Contending that judges were “not experts in statistics” or “the methodology used for scientific studies for clinical trials,” Ellsworth reiterated the point made throughout the arguments that courts should not “second guess” FDA data on the matter. 

Erin Hawley, an attorney with the religious liberty law firm Alliance Defending Freedom, maintained that the FDA “concedes that between 2.9 and 4.6% of women will end up in the emergency room” after taking the abortion pill. She said, “Women are even more likely to need surgical intervention and other medical care without an in-person visit.” 

Hawley stated that “FDA approved abortion by mail based on data it admitted was ‘not adequate,'” characterizing the agency’s actions as a violation of the Administrative Procedure Act. 

Jackson engaged in a similar line of questioning with Hawley, taking issue with efforts to engage in what she characterized as “second guessing” of the FDA.

The newest member of the Supreme Court asked, “What deference, if any, do courts owe the opinion of the expert concerning the safety and efficacy of drugs?”

“We’re not asking that the court second guess the agency determinations at all,” Hawley replied, criticizing the lack of transparency behind agency determinations.

“These proceedings go on between Danco and the FDA behind closed doors,” she said. “This is not a notice and comment process.”

During an exchange with Justice Clarence Thomas, Hawley alleged that the FDA’s allowing the abortion pill to be sent through the mail violated federal law.

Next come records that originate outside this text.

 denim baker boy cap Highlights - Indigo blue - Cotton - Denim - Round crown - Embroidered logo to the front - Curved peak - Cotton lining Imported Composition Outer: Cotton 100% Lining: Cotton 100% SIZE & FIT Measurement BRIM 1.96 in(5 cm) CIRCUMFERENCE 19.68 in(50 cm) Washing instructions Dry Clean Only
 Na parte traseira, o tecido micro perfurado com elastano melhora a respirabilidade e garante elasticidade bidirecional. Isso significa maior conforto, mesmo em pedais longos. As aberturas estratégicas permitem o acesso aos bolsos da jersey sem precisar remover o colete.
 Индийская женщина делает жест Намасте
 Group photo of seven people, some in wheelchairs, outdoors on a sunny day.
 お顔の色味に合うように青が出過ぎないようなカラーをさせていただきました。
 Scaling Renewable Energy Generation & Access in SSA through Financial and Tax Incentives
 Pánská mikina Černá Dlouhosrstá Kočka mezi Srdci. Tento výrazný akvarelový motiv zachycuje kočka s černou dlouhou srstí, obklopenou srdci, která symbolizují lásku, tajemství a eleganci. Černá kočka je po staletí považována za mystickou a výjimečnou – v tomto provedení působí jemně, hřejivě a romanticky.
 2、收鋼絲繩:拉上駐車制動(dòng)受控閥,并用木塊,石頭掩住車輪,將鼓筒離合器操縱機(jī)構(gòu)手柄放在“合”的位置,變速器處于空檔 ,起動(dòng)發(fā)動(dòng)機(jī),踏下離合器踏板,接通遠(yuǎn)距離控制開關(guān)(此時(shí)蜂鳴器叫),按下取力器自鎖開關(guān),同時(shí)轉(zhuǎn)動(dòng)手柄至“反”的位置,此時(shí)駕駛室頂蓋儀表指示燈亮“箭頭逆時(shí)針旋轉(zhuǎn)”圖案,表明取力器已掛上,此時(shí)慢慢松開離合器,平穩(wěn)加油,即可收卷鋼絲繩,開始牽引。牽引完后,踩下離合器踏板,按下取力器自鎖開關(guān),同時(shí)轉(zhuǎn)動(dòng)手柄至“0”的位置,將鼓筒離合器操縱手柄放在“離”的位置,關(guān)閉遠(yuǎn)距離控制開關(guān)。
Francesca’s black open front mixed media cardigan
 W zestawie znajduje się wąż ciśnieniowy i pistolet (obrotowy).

“We don’t think that there’s any case of this court that empowers FDA to ignore other federal law,” she said. “With respect to the Comstock Act, as relevant here, the Comstock Act says that drugs should not be mailed … either through the mail or through common carriers.”

The Supreme Court is expected to rule on the case before the end of its current term this summer. A decision will mark the second time in the past two years the court has issued a significant ruling on abortion.

In 2022, the Supreme Court handed down its landmark decision in Dobbs v. Jackson Women’s Health Organization, which determined that the U.S. Constitution does not contain a right to abortion.